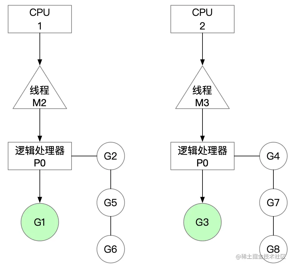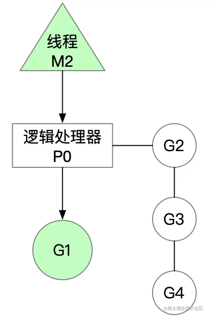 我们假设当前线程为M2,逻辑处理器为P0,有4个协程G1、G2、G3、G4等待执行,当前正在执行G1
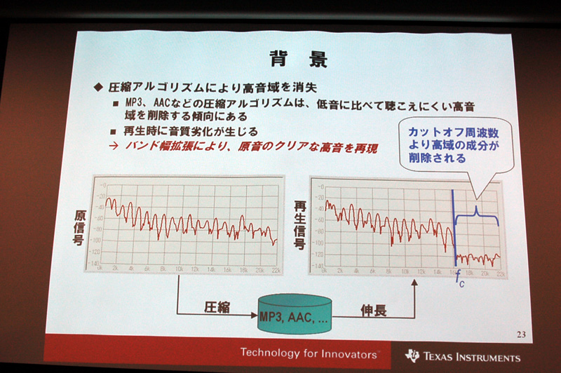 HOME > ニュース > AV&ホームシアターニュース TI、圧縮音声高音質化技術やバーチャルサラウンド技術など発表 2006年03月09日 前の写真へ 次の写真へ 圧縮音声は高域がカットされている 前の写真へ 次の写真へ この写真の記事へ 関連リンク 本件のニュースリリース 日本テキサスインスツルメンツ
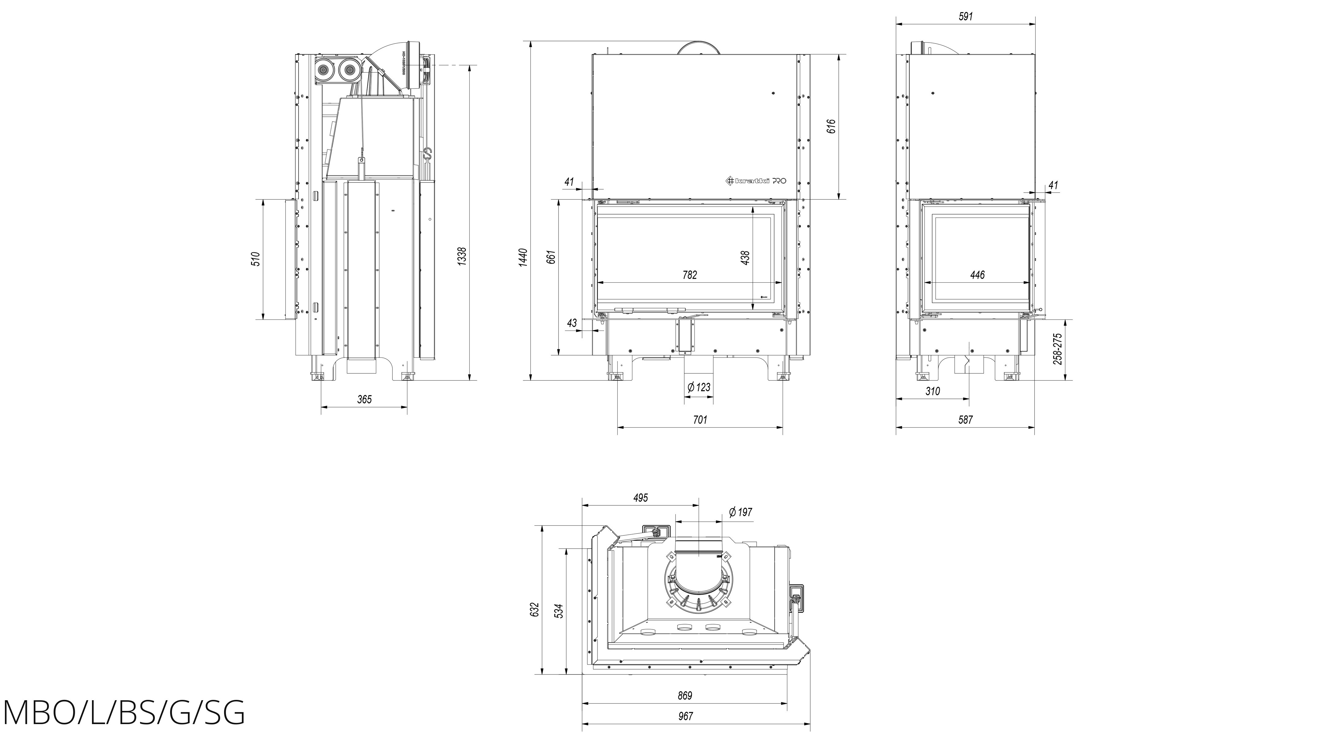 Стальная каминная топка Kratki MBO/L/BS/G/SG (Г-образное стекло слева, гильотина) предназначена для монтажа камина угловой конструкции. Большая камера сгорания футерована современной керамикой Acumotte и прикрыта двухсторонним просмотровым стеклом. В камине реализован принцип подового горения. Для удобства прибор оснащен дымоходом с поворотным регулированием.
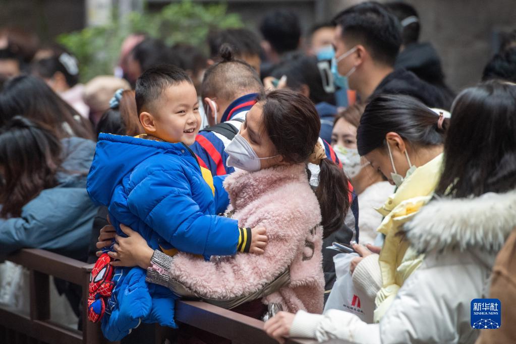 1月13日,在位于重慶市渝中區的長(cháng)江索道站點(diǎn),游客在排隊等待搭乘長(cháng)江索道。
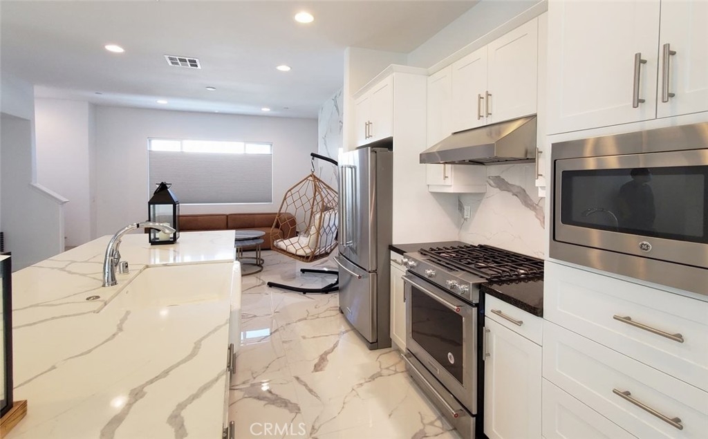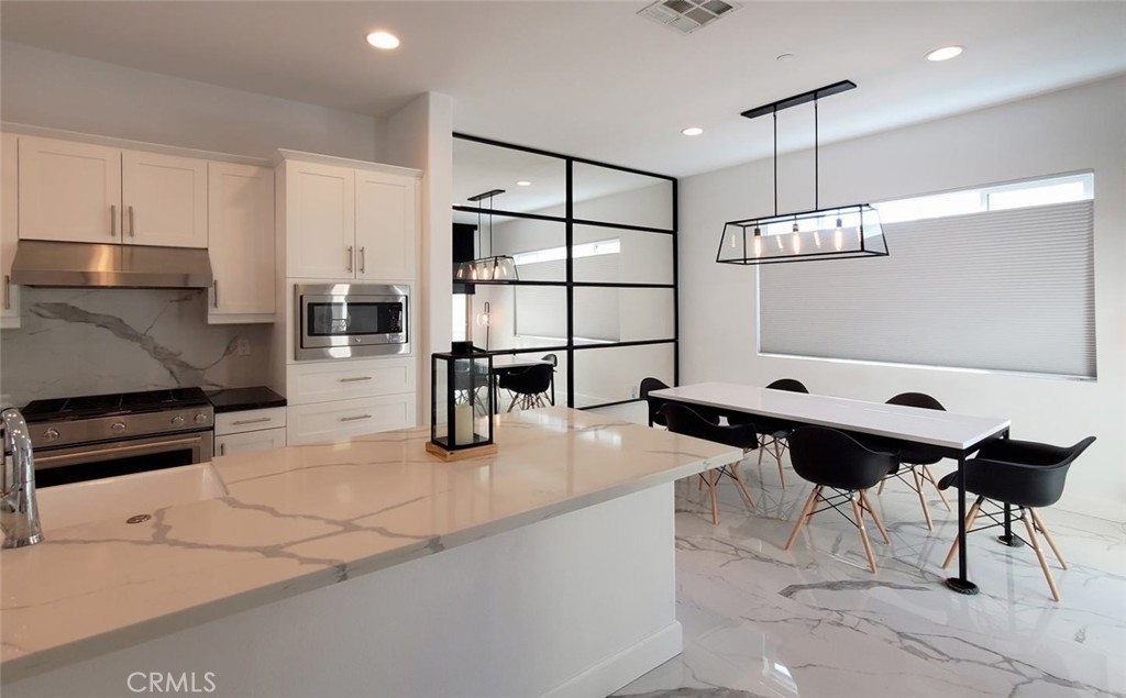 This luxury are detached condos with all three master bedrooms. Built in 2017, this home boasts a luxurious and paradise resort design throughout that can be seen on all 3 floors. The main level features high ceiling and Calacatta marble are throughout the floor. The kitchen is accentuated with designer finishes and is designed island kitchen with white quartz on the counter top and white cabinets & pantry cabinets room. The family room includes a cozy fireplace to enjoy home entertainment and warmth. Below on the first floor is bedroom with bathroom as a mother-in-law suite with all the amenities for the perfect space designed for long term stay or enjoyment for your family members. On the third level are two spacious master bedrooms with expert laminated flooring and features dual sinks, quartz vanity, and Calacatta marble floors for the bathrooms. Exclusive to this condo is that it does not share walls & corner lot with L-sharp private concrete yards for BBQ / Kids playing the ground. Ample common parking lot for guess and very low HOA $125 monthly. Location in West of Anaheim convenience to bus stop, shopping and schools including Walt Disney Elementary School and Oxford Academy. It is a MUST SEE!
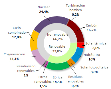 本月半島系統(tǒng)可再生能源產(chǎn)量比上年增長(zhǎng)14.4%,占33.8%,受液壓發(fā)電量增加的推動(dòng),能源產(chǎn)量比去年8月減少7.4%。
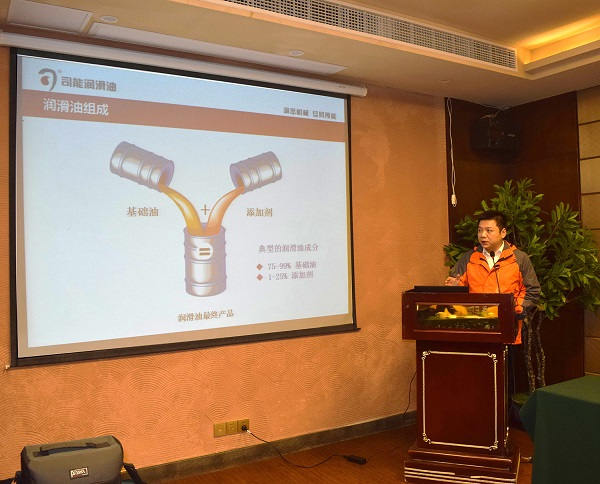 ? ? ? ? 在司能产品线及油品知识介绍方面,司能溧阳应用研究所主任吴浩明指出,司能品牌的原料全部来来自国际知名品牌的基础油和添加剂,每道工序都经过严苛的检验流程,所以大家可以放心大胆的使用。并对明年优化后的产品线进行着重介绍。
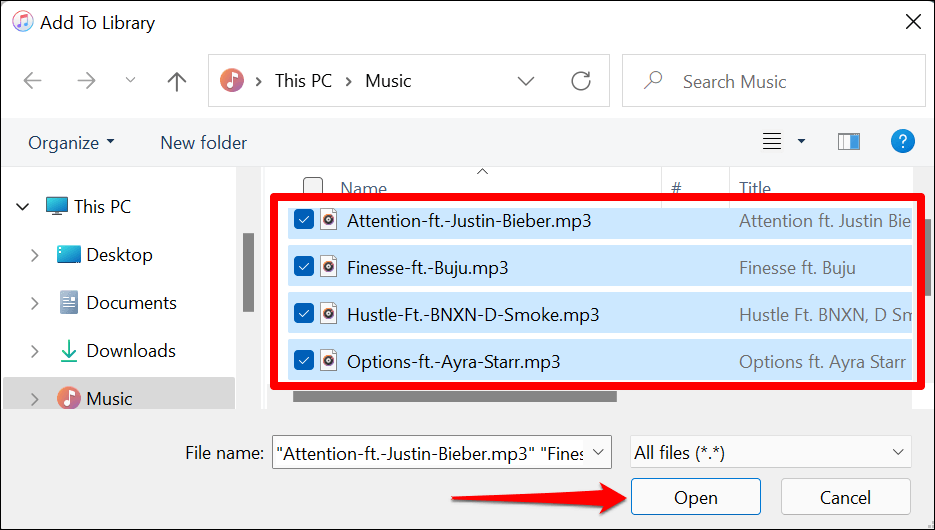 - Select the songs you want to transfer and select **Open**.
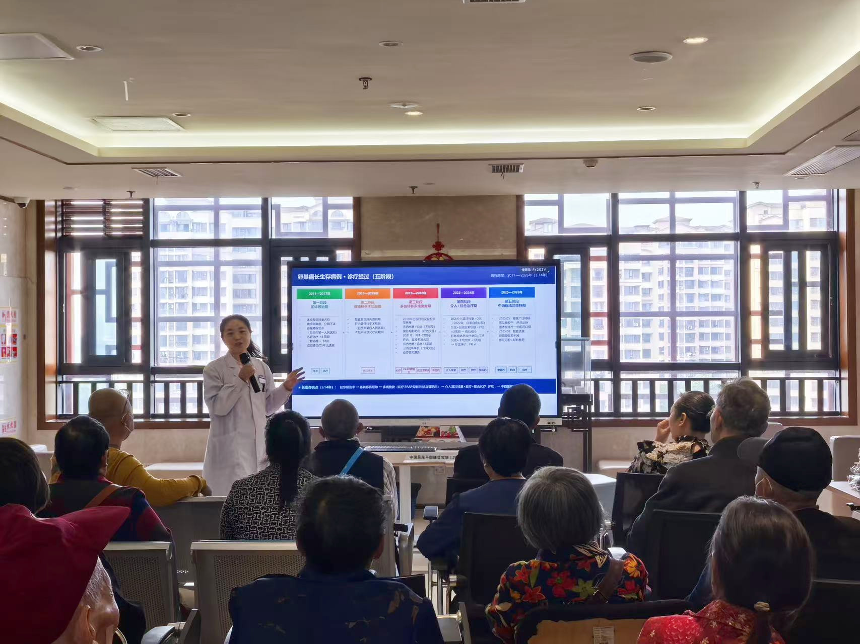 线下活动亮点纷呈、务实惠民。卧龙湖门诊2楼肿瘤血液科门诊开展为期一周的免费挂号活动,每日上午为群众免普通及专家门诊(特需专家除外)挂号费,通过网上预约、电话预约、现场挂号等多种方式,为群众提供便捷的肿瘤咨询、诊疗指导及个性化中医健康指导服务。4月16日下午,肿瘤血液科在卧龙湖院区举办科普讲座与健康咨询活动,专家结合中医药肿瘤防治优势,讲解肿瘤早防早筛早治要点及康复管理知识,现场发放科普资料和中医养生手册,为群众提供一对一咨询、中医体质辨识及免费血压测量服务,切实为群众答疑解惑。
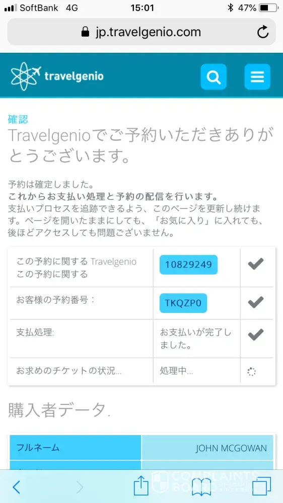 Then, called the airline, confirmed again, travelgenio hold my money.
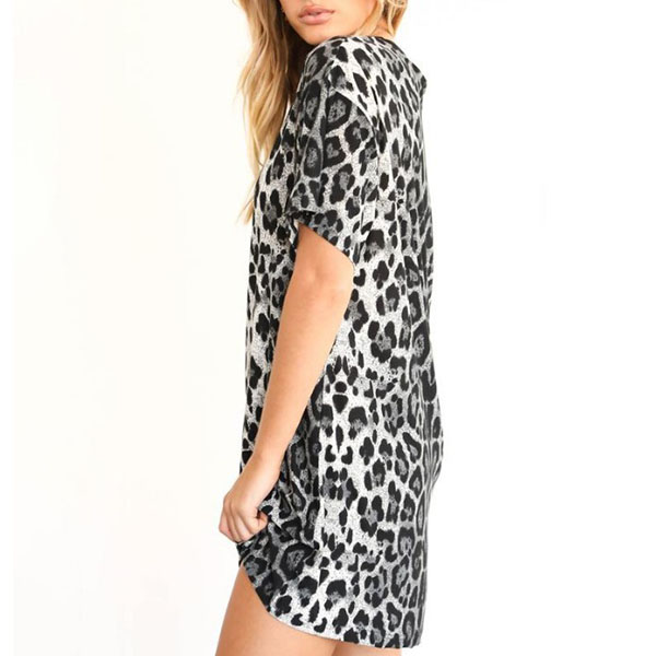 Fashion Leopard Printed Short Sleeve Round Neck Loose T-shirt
==*==
Problem details
Without the pictures, return all the entries above exactly as they stand.

Answer to this exercise
 我们假设当前线程为M2,逻辑处理器为P0,有4个协程G1、G2、G3、G4等待执行,当前正在执行G1
 HOME > ニュース > AV&ホームシアターニュース TI、圧縮音声高音質化技術やバーチャルサラウンド技術など発表 2006年03月09日 前の写真へ 次の写真へ 圧縮音声は高域がカットされている 前の写真へ 次の写真へ この写真の記事へ 関連リンク 本件のニュースリリース 日本テキサスインスツルメンツ
 Стальная каминная топка Kratki MBO/L/BS/G/SG (Г-образное стекло слева, гильотина) предназначена для монтажа камина угловой конструкции. Большая камера сгорания футерована современной керамикой Acumotte и прикрыта двухсторонним просмотровым стеклом. В камине реализован принцип подового горения. Для удобства прибор оснащен дымоходом с поворотным регулированием.
 1月13日,在位于重慶市渝中區的長(cháng)江索道站點(diǎn),游客在排隊等待搭乘長(cháng)江索道。
 This luxury are detached condos with all three master bedrooms. Built in 2017, this home boasts a luxurious and paradise resort design throughout that can be seen on all 3 floors. The main level features high ceiling and Calacatta marble are throughout the floor. The kitchen is accentuated with designer finishes and is designed island kitchen with white quartz on the counter top and white cabinets & pantry cabinets room. The family room includes a cozy fireplace to enjoy home entertainment and warmth. Below on the first floor is bedroom with bathroom as a mother-in-law suite with all the amenities for the perfect space designed for long term stay or enjoyment for your family members. On the third level are two spacious master bedrooms with expert laminated flooring and features dual sinks, quartz vanity, and Calacatta marble floors for the bathrooms. Exclusive to this condo is that it does not share walls & corner lot with L-sharp private concrete yards for BBQ / Kids playing the ground. Ample common parking lot for guess and very low HOA $125 monthly. Location in West of Anaheim convenience to bus stop, shopping and schools including Walt Disney Elementary School and Oxford Academy. It is a MUST SEE!
 本月半島系統(tǒng)可再生能源產(chǎn)量比上年增長(zhǎng)14.4%,占33.8%,受液壓發(fā)電量增加的推動(dòng),能源產(chǎn)量比去年8月減少7.4%。
 ? ? ? ? 在司能产品线及油品知识介绍方面,司能溧阳应用研究所主任吴浩明指出,司能品牌的原料全部来来自国际知名品牌的基础油和添加剂,每道工序都经过严苛的检验流程,所以大家可以放心大胆的使用。并对明年优化后的产品线进行着重介绍。
 - Select the songs you want to transfer and select **Open**.
 线下活动亮点纷呈、务实惠民。卧龙湖门诊2楼肿瘤血液科门诊开展为期一周的免费挂号活动,每日上午为群众免普通及专家门诊(特需专家除外)挂号费,通过网上预约、电话预约、现场挂号等多种方式,为群众提供便捷的肿瘤咨询、诊疗指导及个性化中医健康指导服务。4月16日下午,肿瘤血液科在卧龙湖院区举办科普讲座与健康咨询活动,专家结合中医药肿瘤防治优势,讲解肿瘤早防早筛早治要点及康复管理知识,现场发放科普资料和中医养生手册,为群众提供一对一咨询、中医体质辨识及免费血压测量服务,切实为群众答疑解惑。
 Then, called the airline, confirmed again, travelgenio hold my money.
 Fashion Leopard Printed Short Sleeve Round Neck Loose T-shirt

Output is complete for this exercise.